Localization of noncovalently bound ethidium in free and methionyl-tRNA synthetase bound tRNAfMet by singlet-singlet energy transfer.

Ethidium binds tRNAfMet with 17-fold enhancement in the emission intensity at 600 nm. Fluorescence titration of tRNAfMet with ethidium indicates a single high-affinity site in tRNAfMet with a dissociation constant of 5 microM. Ethidium is apparently rigidly bound to tRNAfMet and effectively shielded from solvent. tRNAfMet(8-13), tRNAfMet(3'-Flc), and tRNAfMet(D-PF) with fluorophores at thiouridine, the 3'-terminus, and dihydrouridine, respectively, are prepared, and the singlet-singlet energy-transfer efficiencies between these fluorophores and noncovalently bound ethidium are determined.
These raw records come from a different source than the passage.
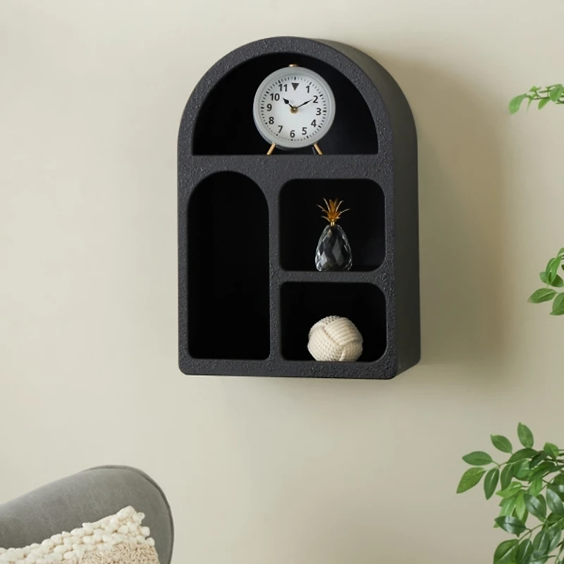Open the floor space in your child's playroom with our Black Arched Cubby Wall Shelf! It's perfect for providing extra storage with a sleek, modern style. Cabinet measures 15.75L x 8.1W x 23.6H in. Crafted of wood Includes four (4) open shelves Arched design Black finish Hangs from back-mounted hardware Weight: 10.62 lbs. Care: Dust with a soft, dry cloth. This item is available at Kirklands.com only, not available in stores. Please note: this item cannot be shipped to APO/FPO addresses. WARNING: Cancer and Reproductive Harm - For more information go to www.P65Warnings.ca.gov .
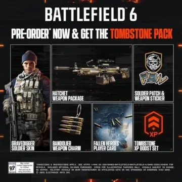 Why you will love this product? Indulging in Battlefield 6 isn’t just about playing a game; it's about stepping into a compelling world filled with camaraderie, challenges, and triumphs. Experience the rush of battle alongside friends, devise strategies, and witness the adrenaline of victory firsthand. The Tombstone Pack enhances your journey by adding a personalized touch to your gameplay, ensuring your legacy in the epic battlefield. Grab your copy today and immerse yourself in the action-packed universe of Battlefield 6!
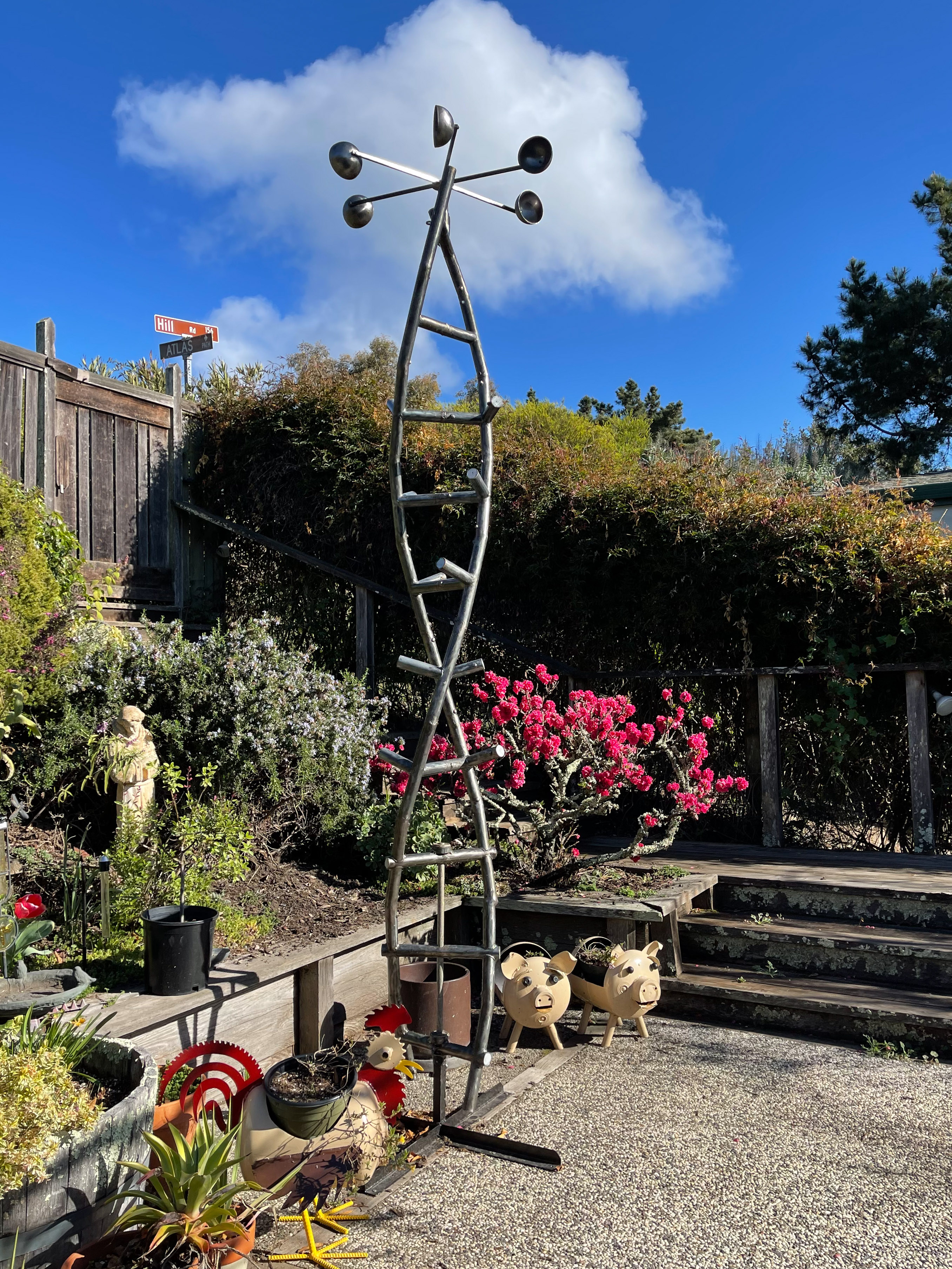 The double helix stands 9 feet high and is made from 20 discarded UST tent-canopy fittings. Mounted on ball bearings, it rotates when the wind blows.
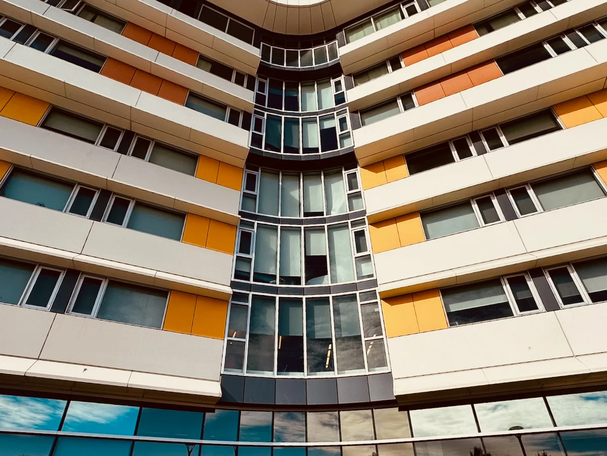 Modern multi-story building with a curved facade featuring a mix of neutral and warm-toned panels, accented with large rectangular windows. The architectural design emphasizes geometric patterns and clean lines, giving it a contemporary urban aesthetic.
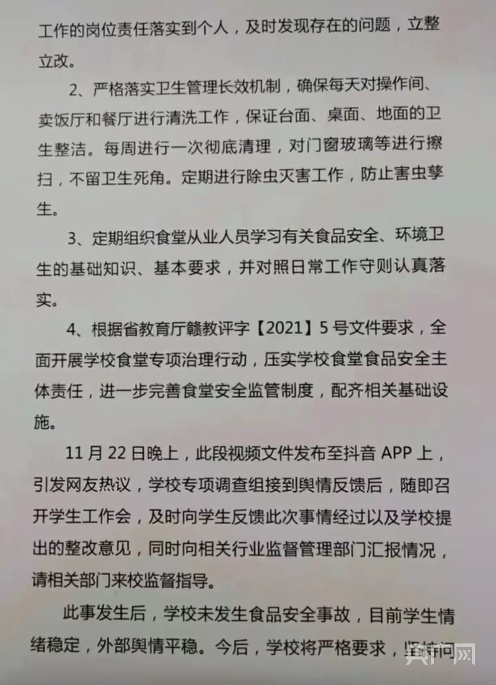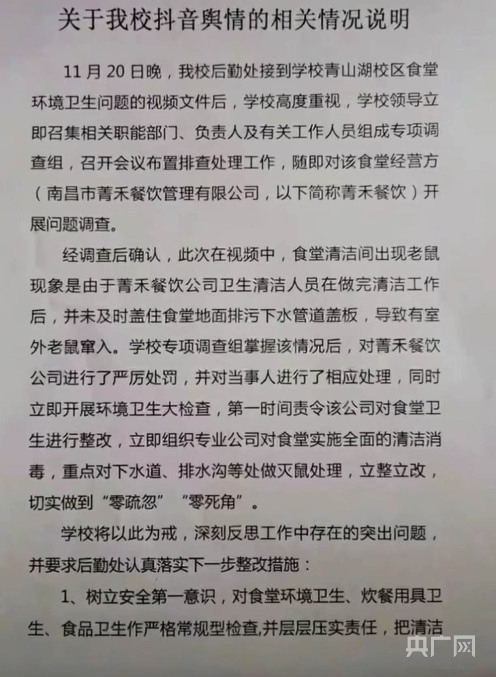 2021年,南昌市場監(jiān)督管理局就曝光該校有老鼠問題的情況說明(視頻截圖)

The transfer efficiency between bound ethidium and the fluorophore in tRNAfMet(8-13) determined by donor quenching and sensitized emission is the same, strongly suggesting that there is only one bound ethidium per tRNAfMet molecule. The apparent distances between ethidium and various fluorophores including 3'-fluorescein, the 8-13 photo-cross-link, and D-proflavin are 41, 19, and 30 A, respectively, assuming random orientation between the donor and the acceptor. The results suggest that noncovalently bound ethidium is intercalated in the amino acid acceptor stem. In the complex of tRNAfMet and methionyl-tRNA synthetase, the transfer efficiencies for the tRNAfMet(8-13), tRNAfMet(3'-Flc), and tRNAfMet(D-PF) are reduced, enhanced, and little changed, respectively. These methionyl-tRNA synthetase induced changes suggest changes in the conformation of the 3'-terminal unpaired bases and the relative orientation or location between tRNAfMet and ethidium upon binding of methionyl-tRNA synthetase.